La figura perfecta


Con el paso de los años, las siluetas han cambiado mucho; cada década encuentra su forma e identidad. En mi opinión, todo va de la mano con la forma en que la mujer fue encontrando su propia voz, su libertad. Y, aunque sigamos habitando un mundo donde la mayoría de los diseñadores son hombres, no cabe duda de que en la moda nosotras llevamos la delantera.

Si bien en los años 20 se llevaba la cadera baja, no podemos negar que la silueta que ha reinado y seguirá reinando es la de “reloj de arena”: parte superior e inferior del cuerpo proporcionado, hombros en línea con la cadera, cintura y busto definidos, glúteos torneados.

Durante años he compartido mi secreto con las mujeres que me dicen que todo me luce bien: la silueta. Aunque en apariencia tener esa figura es una ventaja, no significa que solo con ella se puede disfrutar del buen vestir.

Cada mujer es diferente; cada cuerpo es diferente. Es tan sencillo como el dicho “no le pidas peras al olmo”.

Si tu complexión es ancha de espalda (triángulo invertido), encárgate de dotar de volumen a tu parte baja, a crear tus caderas. Si no tienes curvas y tu cuerpo es como una “columna”, ¡disfrútalo y atrévete! Puedes arriesgarte con todo si trazas un punto medio en tu cuerpo, creando tu cintura. Si tu forma es más como un óvalo, juega con la ilusión óptica: recurre a las líneas y cortes en la ropa para crear secciones en tu figura, siempre con atención en la cintura.

Recuerda siempre tener en cuenta el reloj de arena. Busca una proporción entre tu parte superior e inferior, hombros y caderas sincronizadas y una cintura marcada. Si te faltan hombros, ¿qué tal mangas amplias u hombreras, olanes o aplicados? Si eres angosta de caderas, ¿por qué no un vestido con el corte justo en la cintura para acentuarla?, ¿o cortes línea A, faldas circulares, pantalones a la cadera? Como en el resto de la vida, un buen look es cuestión de balance.

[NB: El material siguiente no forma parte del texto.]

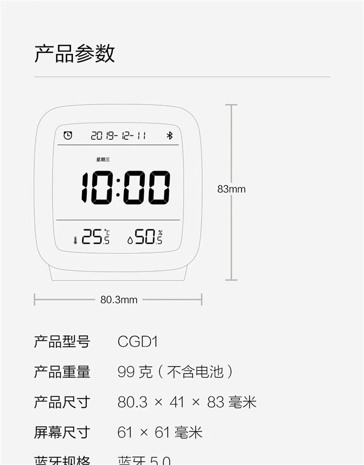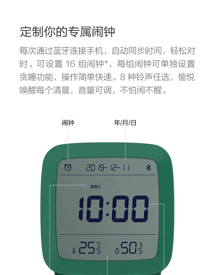 青萍bluetooth目覚まし時計学生専用起き子供電子知能多機能時計携帯電話聯米家APP

Si te cuesta trabajo identificar tu cuerpo, enfrenta al espejo de manera honesta y analízalo. Luego, toma ejemplos de gente famosa y observa su manera de vestir, de jugar con las líneas y las texturas; descubre cómo lucen bien sin tener la “figura perfecta”. Es cosa de encontrar tu inspiración de cabecera.

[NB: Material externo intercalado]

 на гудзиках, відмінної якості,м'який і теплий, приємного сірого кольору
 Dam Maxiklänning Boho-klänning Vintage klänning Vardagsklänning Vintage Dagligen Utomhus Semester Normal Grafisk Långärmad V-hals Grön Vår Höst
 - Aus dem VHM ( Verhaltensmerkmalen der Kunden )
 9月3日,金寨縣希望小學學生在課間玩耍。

Lo importante es hallar la manera correcta de vestir TU cuerpo y entender que todas somos diferentes, que una columna jamás será óvalo, aun sin pensar en el peso o la grasa. No se trata de estar gorda, flaca o tener el cuerpo perfecto; se trata de amar nuestras diferencias y sentirnos cómodas y bellas a la hora de salir a conquistar el mundo. ¡YAY!